■ Assignment: The lines to be extracted begin at the line containing "Olive green armchairs" and end at the last line of the data below; copy them exactly and leave out the pictures.

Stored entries
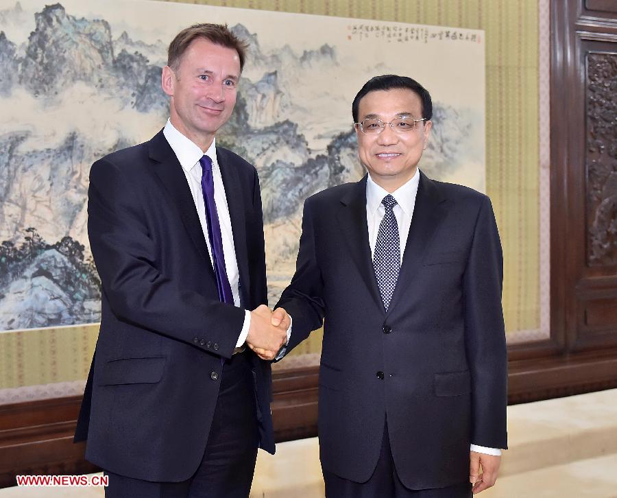 Li made the remarks while meeting with British Health Secretary Jeremy Hunt, who is here to co-chair the second meeting of the China-UK high-level cultural exchange mechanism with Chinese Vice Premier Liu Yandong.
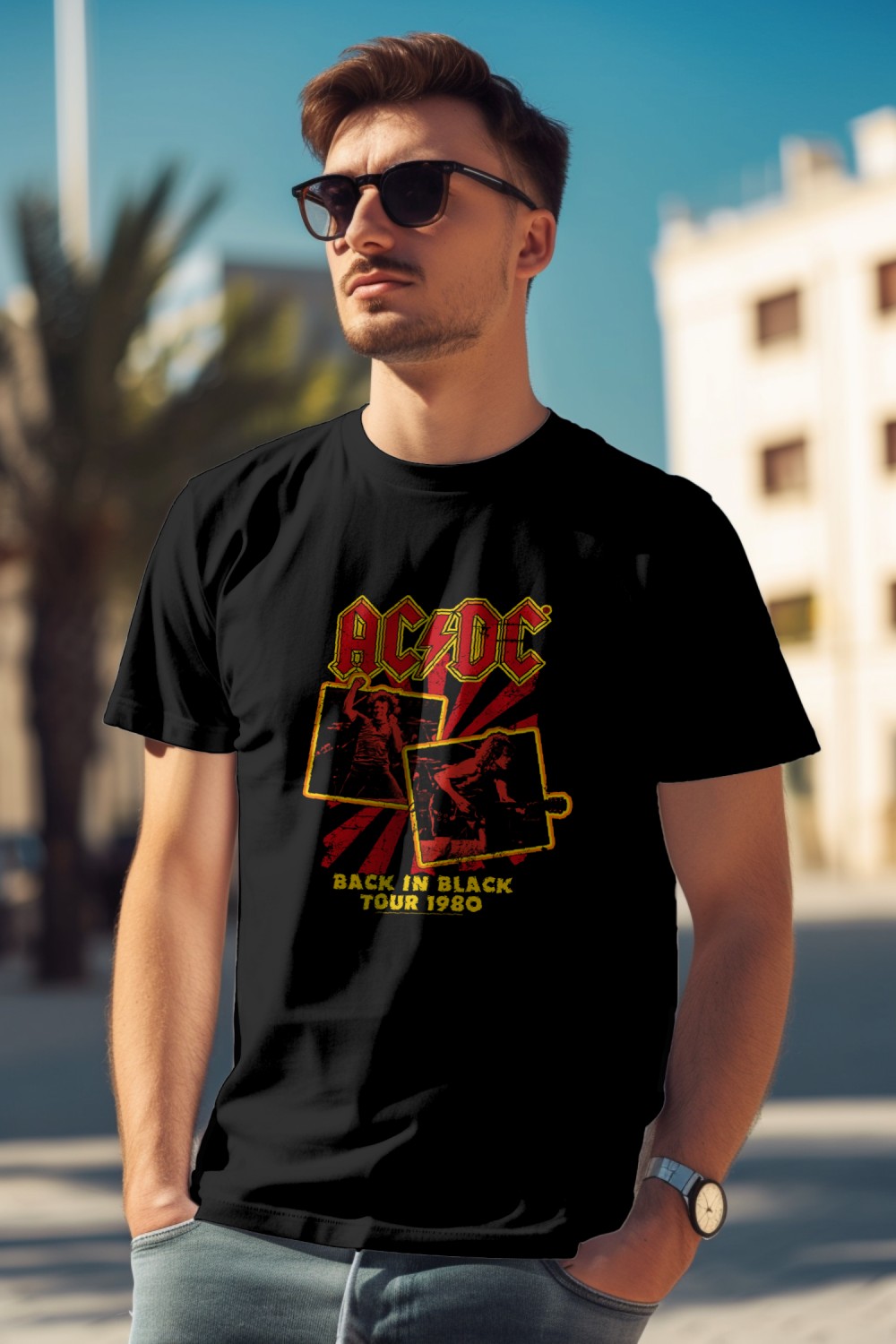 T-shirt Homme ACDC avec un design de ACDC Back in Black Tour 1980
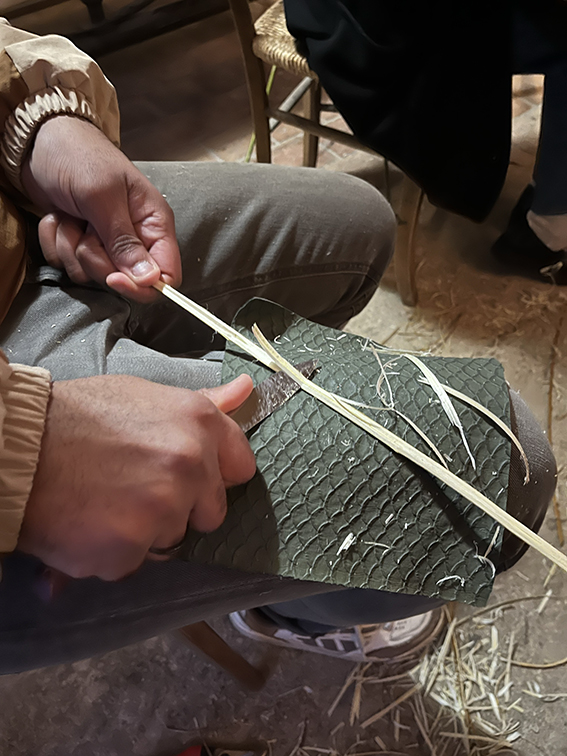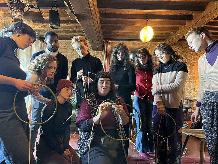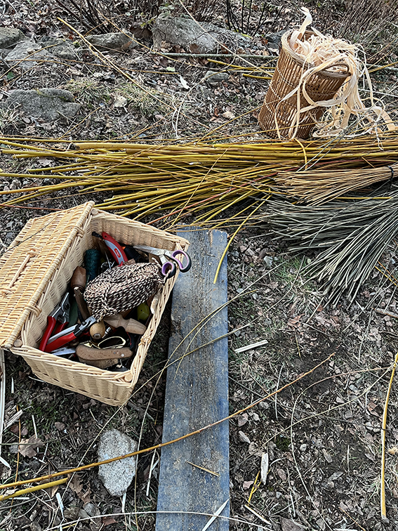 Fin janvier, les étudiants de DSAA1 TEXTILE, MATÉRIAUX, PROSPECTIVES ont été initiés à la vannerie sauvage par Isabel McGarva, vannière et archéologue dans le Parc régional du Morvan. Repérages, récolte de l’osier sur pied et collecte de plantes sauvages (joncs des marais, noisetier, châtaignier) nous ont permis de préparer ces matériaux (naturels, en libre-service) et de fabriquer un panier à anse. Prendre conscience d’un territoire, repérer ses ressources, travailler les branches fraîches, transformer, tresser pour faire perdurer des gestes et retrouver une connexion avec le vivant.
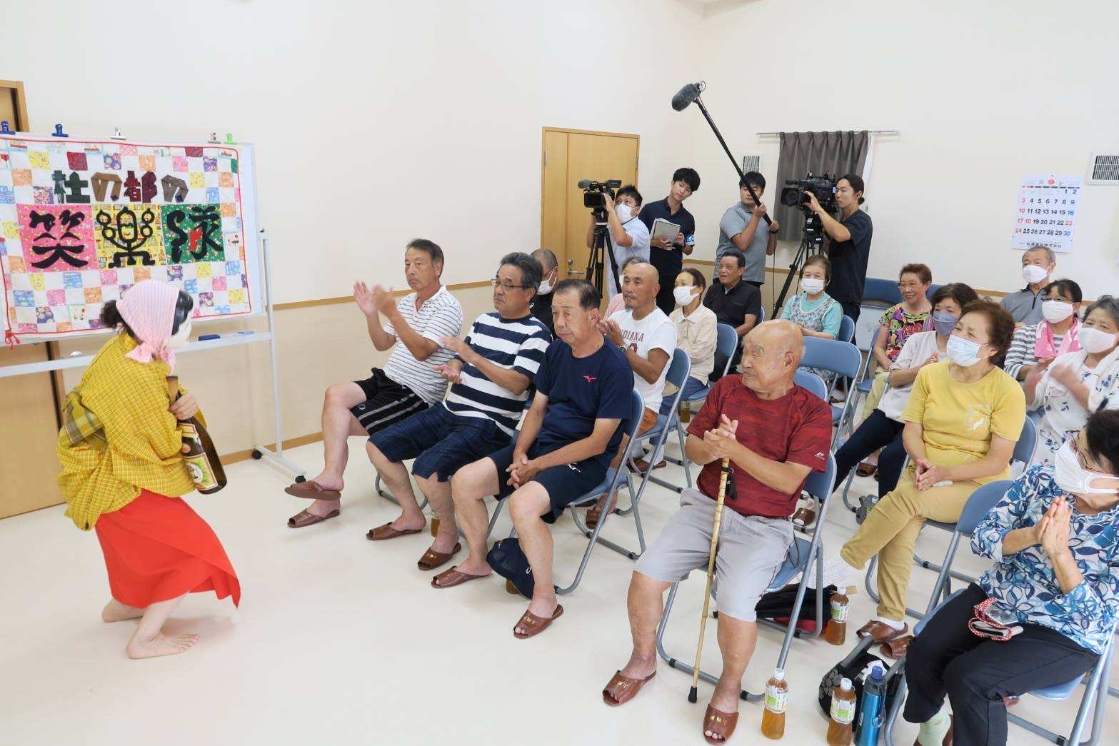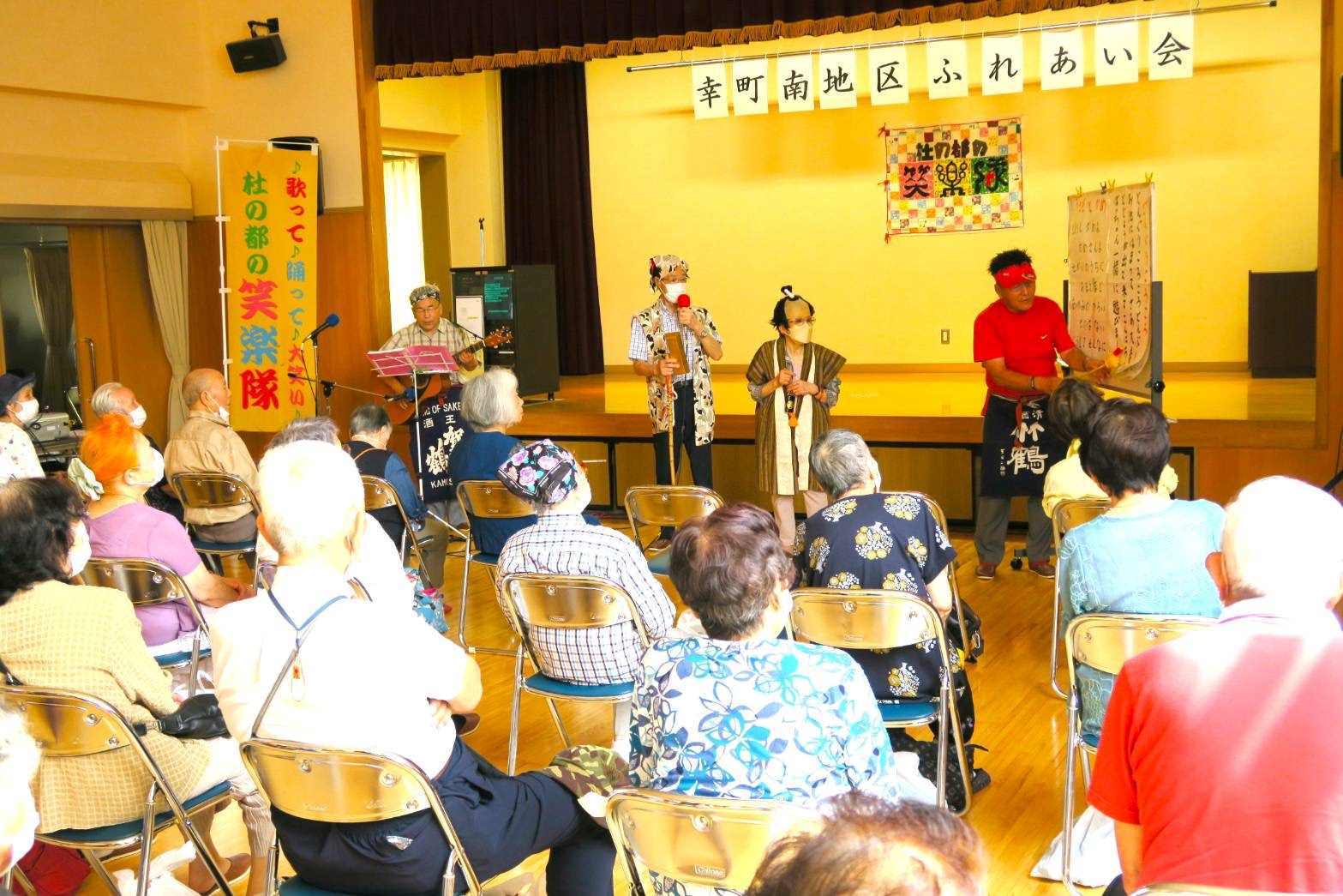 通常、酒の席では住民同士が話に夢中になりステージを見る人は少ないのだが「日本一のバラエティ笑劇団」が登場するや、
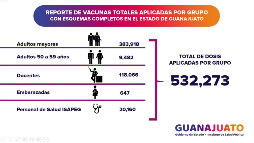 A la fecha hay 532 mil 273 guanajuatenses vacunados con un cuadro completo, de los cuales 383 mil 918 son personas adultas mayores, 9 mil 482 adultos de entre 50 y 59 años de edad, 118 mil 066 docentes, 647 embarazadas y 20 mil 160 personal de salud (ISAPEG).
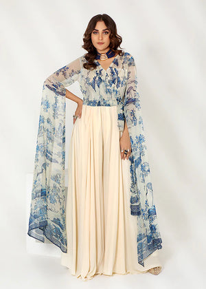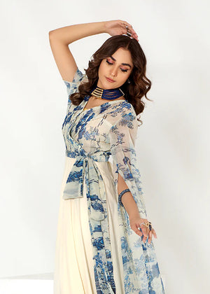Crafted with meticulous attention to detail, our ‘Whispering Breeze’ features a flared bottom with a customizable length, which is customizable for our clients. Mesmerizing blue and white printed layer that gracefully overlays a pristine white base and custom signature of Dure.St’s prints adds an enchanting touch, showcasing a harmonious blend of intricate patterns and captivating designs. Embrace the beauty of these contrasting colors that create a striking visual impact reminiscent of a serene summer sky.
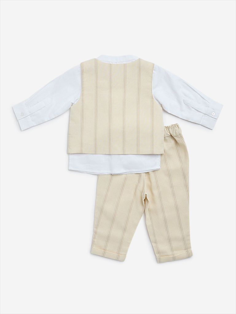 HOP Baby brings you this waistcoat set including a waistcoat. shirt and pants. A white shirt with a mandarin collar and full sleeves is paired with a beige waistcoat featuring stripes. A complementary pair of pants with similar stripes complete this ensemble.
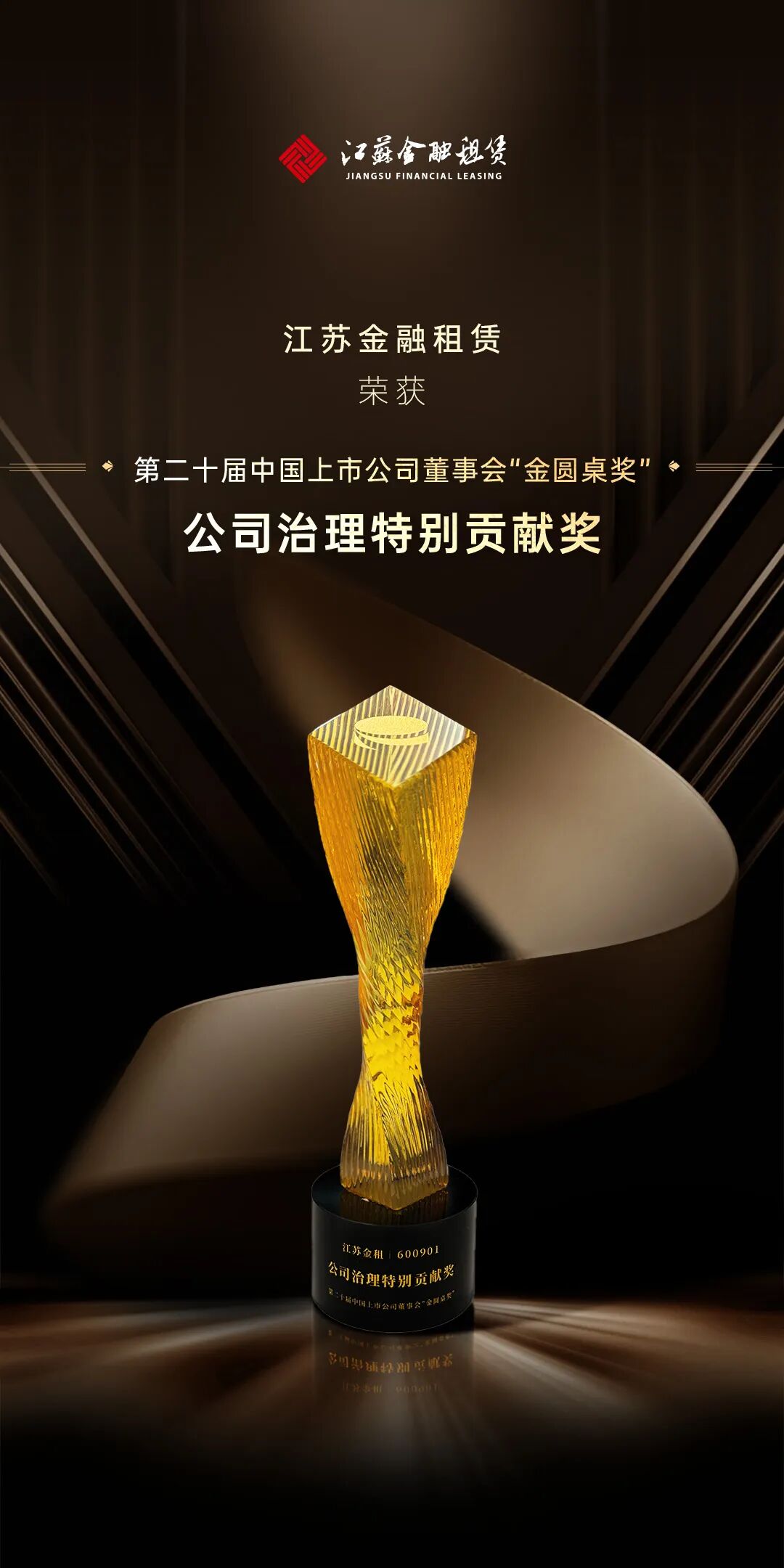 近日,第二十届中国上市公司董事会“金圆桌奖”颁奖典礼在江苏省江阴市举行。基于在公司治理方面的创新实践与突出成效,江苏金融租赁股份有限公司(以下简称“ 江苏金租 ”)荣获本届“金圆桌奖”之公司治理特别贡献奖。
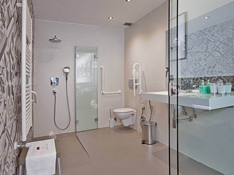 Aseo: -- Lavabo: fondo libre Inferior y grifo monomando. -- Ducha: a ras de suelo, con taburete y con una barra de apoyo fija. -- Inodoro: cuenta con dos apoyos: una barra fija y la otra abatible.
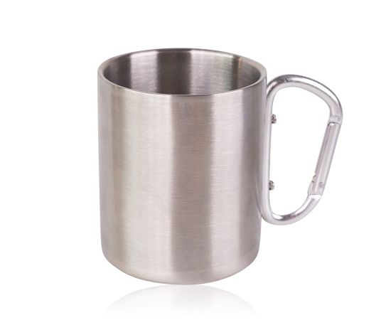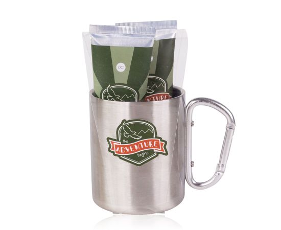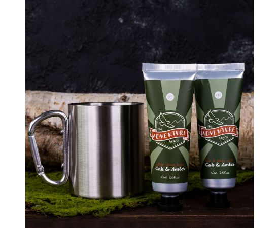 Regalo uomo, bagnoschiuma, tazza metallo, balsamo dopobarba, Bath set ADVENTURE COLLECTION in stainless-steel mug (350ml) with carabiner handle, 60ml hair & body wash, 60ml balsamo dopobarbabalm, fragrance: Oak & Amber, col. green/orange, regali di natale
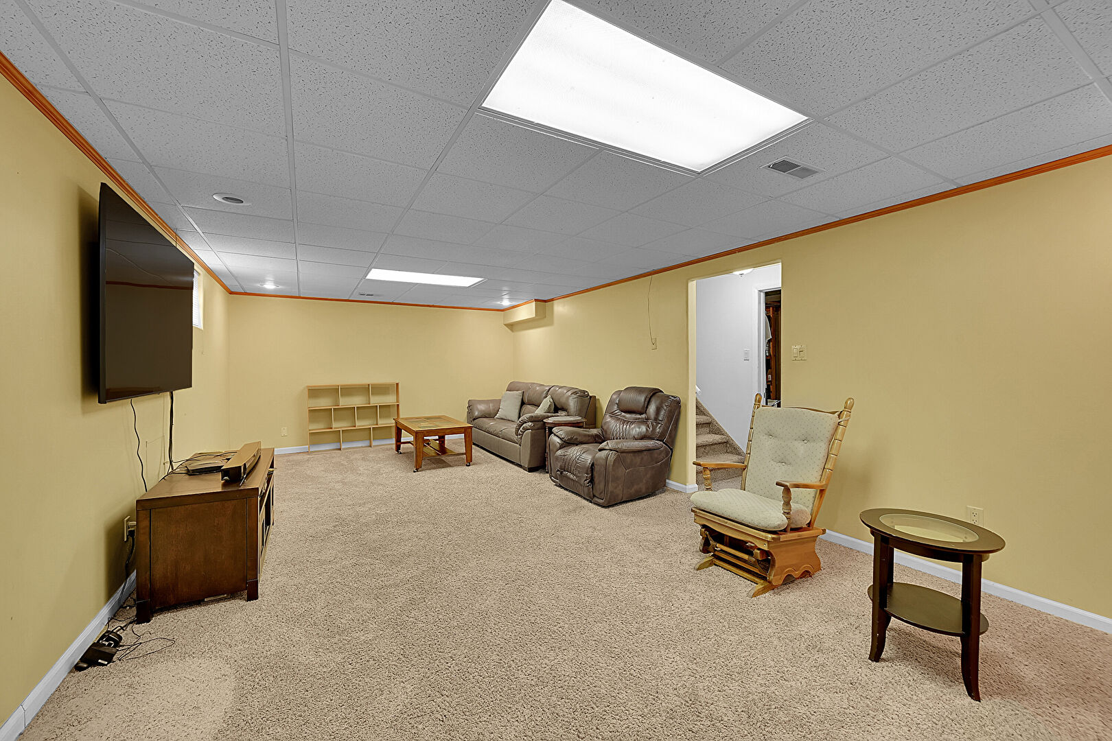 Baseboards Wall, Basement, Carpet, Crown Molding, Drywall, Natural Light, Notable Chandelier, Recessed Lighting, Vent, Wood Finish Floor, Drywall, Wood Finish Floor
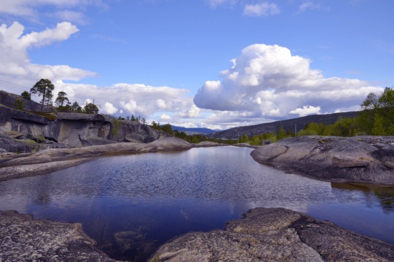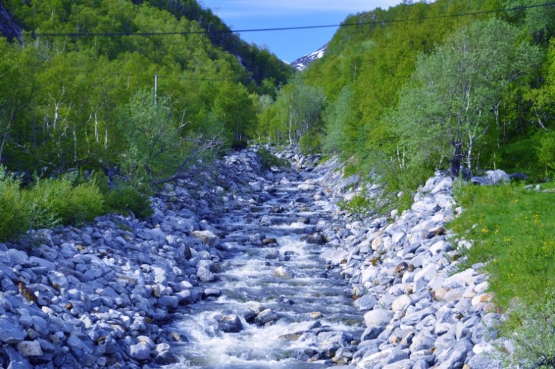Navi meint 45 m unter Absaufen??? ![]() Und weiter fuehrt uns die Route teils schoen sonnig, teils bedeckt wie beim Laksfossen (das Bild mit dem Wasserfall), teils einfach saukalt, aber dennoch sonnig und vor allem immer wieder abwechslungsreich auf der 6 und hinter Mosjoen auf die 78 zurueck auf die 17.
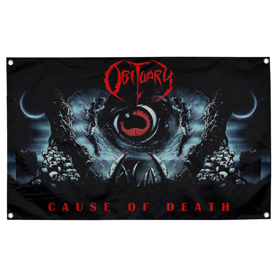 Прапор Obituary "Cause of Death" sfc-032 Тканина: 100% поліестер; малюнок нанесений методом термохімічного сублімаційного друку; розмір: 60х90 см.
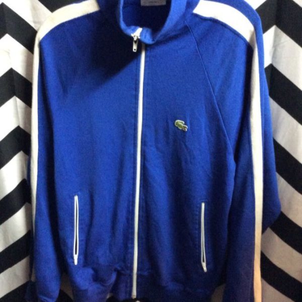 LaCoste sweatshirt, zip-up, stripes across shoulders & down arms, color-block design, blue/green/white, size M
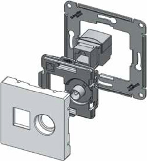 Двойная розетка ТВ + компьютерная RJ45 из коллекции электроустановочных изделий AtlasDesign от Schneider Electric.
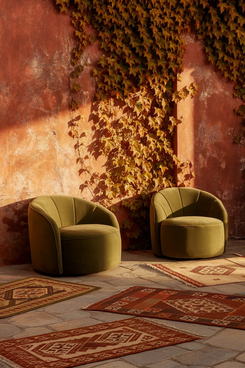 Olive green armchairs bring a hint of nature inside, creating a calming environment. This color is perfect for a reading nook or a quiet corner.
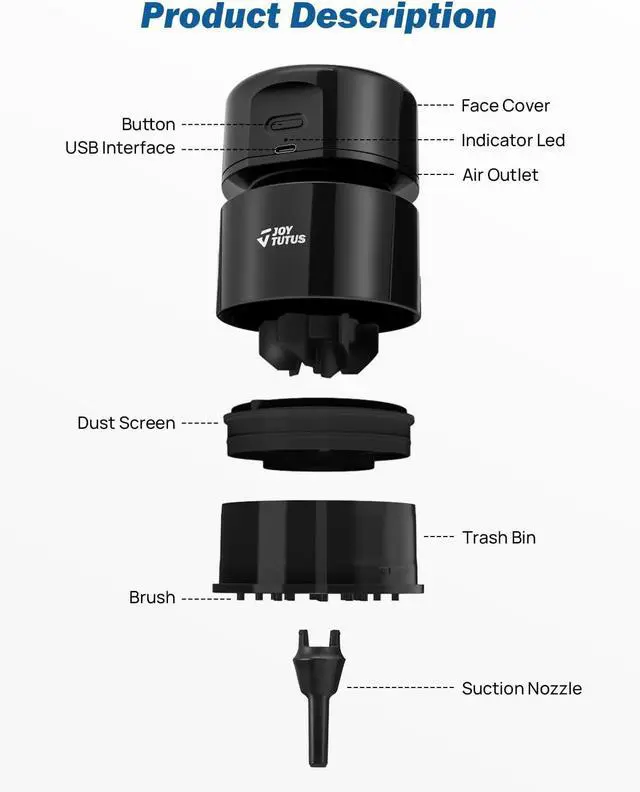 Precise CleaningThis mini desk vacuum comes with a detachable nozzle. You can easily cleaning dust of desktop, computer, keyboard, etc. It' s absolutely a perfect choice to clean hair and dust in different places that are hard to reach thanks to its handheld size
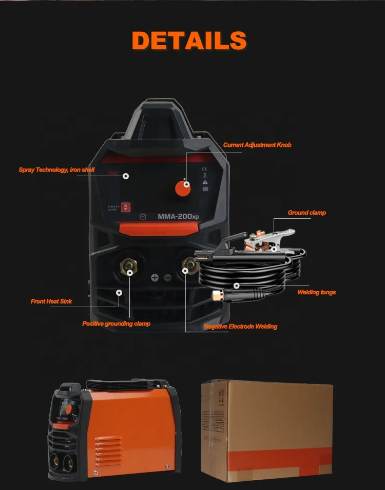 5.Accessories: electrode holder, earth clamp, brush/hammer, protective mask, carton box
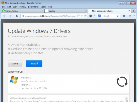 In a subsequent blog post published June 15, 2014 by Kimberly at Stop Malvertising, malicious ads using this same malvertising network were found to be redirecting visitors to sites propagating the "Optimum Installer". Included were fake warnings to "Update your Media Player", and "Update Windows 7 Drivers". Again, please note the presence of the same "sov=" and "hid=" parameters in the URL query string.
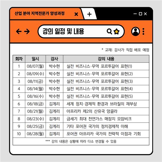 이번 강좌는 "산업 분야 지역전문가 양성과정: 포르투갈어권 국가로의 전략적 접근"입니다.
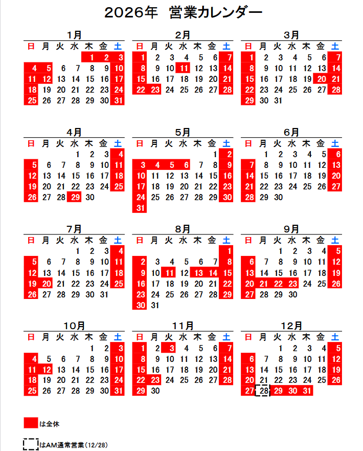 2026年 営業カレンダー

■ Reply to the task:
 Olive green armchairs bring a hint of nature inside, creating a calming environment. This color is perfect for a reading nook or a quiet corner.
 Precise CleaningThis mini desk vacuum comes with a detachable nozzle. You can easily cleaning dust of desktop, computer, keyboard, etc. It' s absolutely a perfect choice to clean hair and dust in different places that are hard to reach thanks to its handheld size
 5.Accessories: electrode holder, earth clamp, brush/hammer, protective mask, carton box
 In a subsequent blog post published June 15, 2014 by Kimberly at Stop Malvertising, malicious ads using this same malvertising network were found to be redirecting visitors to sites propagating the "Optimum Installer". Included were fake warnings to "Update your Media Player", and "Update Windows 7 Drivers". Again, please note the presence of the same "sov=" and "hid=" parameters in the URL query string.
 이번 강좌는 "산업 분야 지역전문가 양성과정: 포르투갈어권 국가로의 전략적 접근"입니다.
 2026年 営業カレンダー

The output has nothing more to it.